James Bond: The Authorized Biography
- First edition cover
- Author: John Pearson
- Cover artist: Bartholomew Wilkins and Partners (Sidgwick & Jackson ed.)
- Language: English
- Series: James Bond
- Genre: Biography, Spy novel
- Publisher: Sidgwick & Jackson
- Publication date: 1973
- Publication place: United Kingdom
- Media type: Print (Hardcover and Paperback)
- Pages: 317 pp (first edition, hardback)
- ISBN: 0-283-97946-1 (first edition, hardback)
- OCLC: 2736297
- Dewey Decimal: 823/.9/14
- LC Class: PZ4.P36247 Jam PR6066.E2

= James Bond: The Authorized Biography of 007 =

1973 biography by John Pearson

James Bond: The Authorized Biography of 007 (laterJames Bond: The Authorised Biography) by John Pearson, is a fictional biography of James Bond, first published in 1973; Pearson also wrote the biography The Life of Ian Fleming (1966).

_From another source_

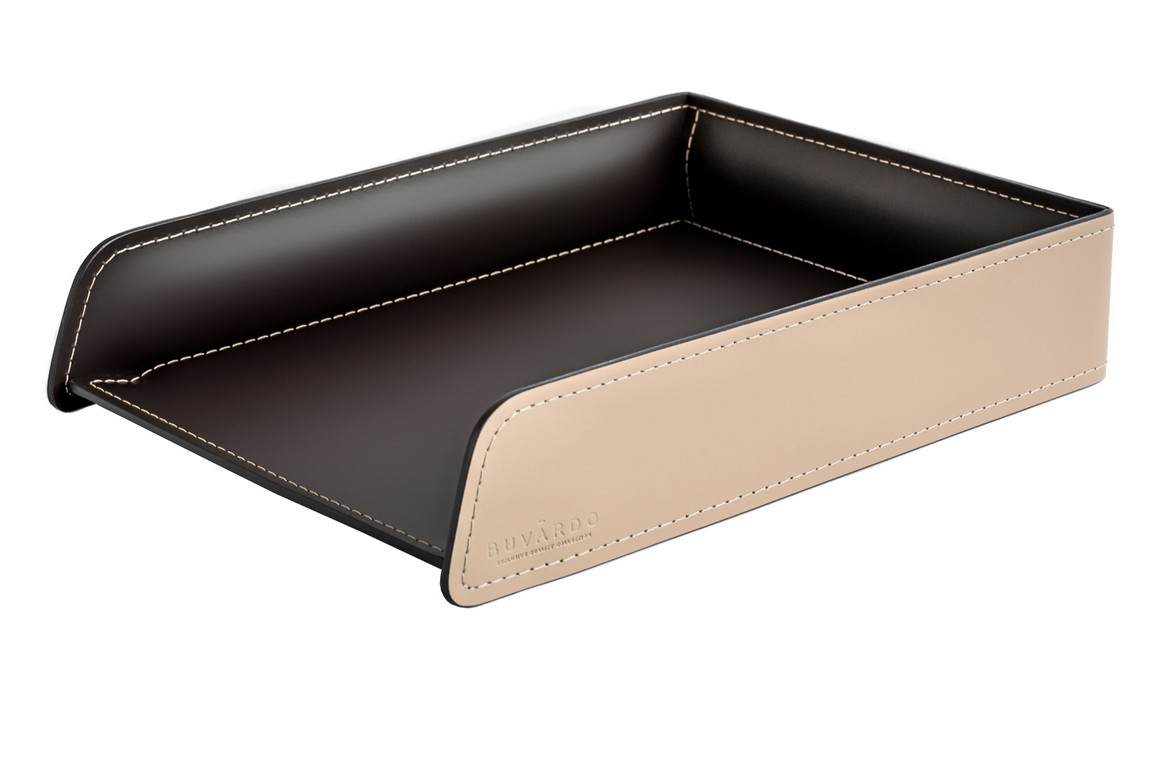 Подставка для бумаг А4, кожа натуральная 2х цветов какао (cafe latte) и шоколад
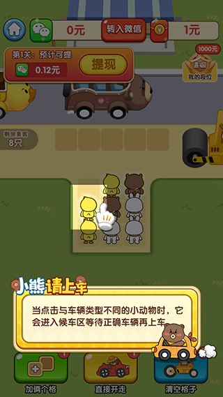 总的来说,小熊请上车是一款兼具趣味性和挑战性的游戏,适合喜欢消除类和益智类的玩家。如果你喜欢轻松有趣的游戏,不妨试试看!

The Authorized Biography of 007 was not commissioned by Glidrose Publications. It originated as a spoof novel for publisher Sidgwick & Jackson. However, Pearson knew Peter Janson-Smith, the Glidrose chairman, who gave permission for the work to be published. Consequently, this is the only James Bond book from Glidrose, between 1953 and 1987, not first published by Jonathan Cape, additionally, it is the only Bond novel with a shared copyright credit; Pearson is the only Bond novelist so recognised.

==Plot summary==
The premise of James Bond: The Authorized Biography of 007 is that James Bond is based upon a real MI6 agent. Ian Fleming hinted so in You Only Live Twice, in Bond's obituary, that his adventures were the basis of a series of "sensational novels"; illustrating this contention, that novel's comic strip adaptation used covers from Fleming's James Bond novels.

Writing autobiographically, Pearson begins the story with his own recruitment to MI6 and meeting Sir William Stephenson and a fifty-something Bond in Bermuda. Already, the department had assigned Ian Fleming to write novels based upon the real agent; Fleming was to be truthful about the agent's adventures. The idea was to hide the truth, of Bond's exploits, in plain sight; along the way, Fleming created fictional tales, such as Moonraker, to keep the Soviets guessing what was fact and what was not. Pearson's also incorporates Fleming's flippant claim to not having written The Spy Who Loved Me, but that Vivienne Michel mysteriously sent him the manuscript.

Based upon the success of his Fleming biography, The Life of Ian Fleming (1966), MI6 instruct Pearson to write 007's biography; he is introduced to a retired James Bond – who is in his fifties, yet healthy, sun-tanned, and married to Honeychile Ryder, the heroine of Dr. No. Most of James Bond: The Authorized Biography of 007 is Bond telling his life story, including school and first MI6 missions, referring to most every novel and short story and, briefly, to Colonel Sun, the Robert Markham series-continuation novel. At conclusion, as Bond rushes to another mission (contrary to mandatory retirement), John Pearson is invited to assume Ian Fleming's scribal duties, like Dr. John Watson assumed with Sherlock Holmes.

==Publication history==
- UK first hardback edition: 1973 Sidgwick & Jackson
- U.S. first hardback edition: 1974 William Morrow & Company
- UK first paperback edition: 1975 Pan Books
- U.S. first paperback edition: March 1975 Pyramid Books
- UK hardcover reprint: 1985 Granada
- UK paperback reprint: 1986 Grafton
- U.S. paperback reprint: 1986 Grove Press
- UK paperback reprint: 2023 Ian Fleming Publications

Out of print since the 1990s, a reprinting of the book was released in 2008. The reprint shortens the book's title to James Bond: The Authorised Biography.

==Reception==

The novel's canonical status as biography is debatable. Some fans consider it canon with Ian Fleming's James Bond novel series, while other aficionados consider it apocryphal. Elements of the biography are contradicted by "official" Bond fiction, notably Charlie Higson's Young Bond series, which suggests that James Bond was born in Switzerland, as opposed to Pearson's suggestion that Bond was born in Wattenscheid, Germany. Unlike the later Bond novels by John Gardner and Raymond Benson, which are not of (although still based upon) Fleming's continuity, such is not the case with Pearson's book, along with the continuation novel Colonel Sun, by Kingsley Amis, (to which Pearson refers). As those books occur in the same time as Fleming's Bond novels, their being canonical with Fleming's books is debatable, yet Pan Books, one British publisher of Bond novels, includes Pearson's book, James Bond: The Authorized Biography of 007, as an official series entry of their first paperback edition series.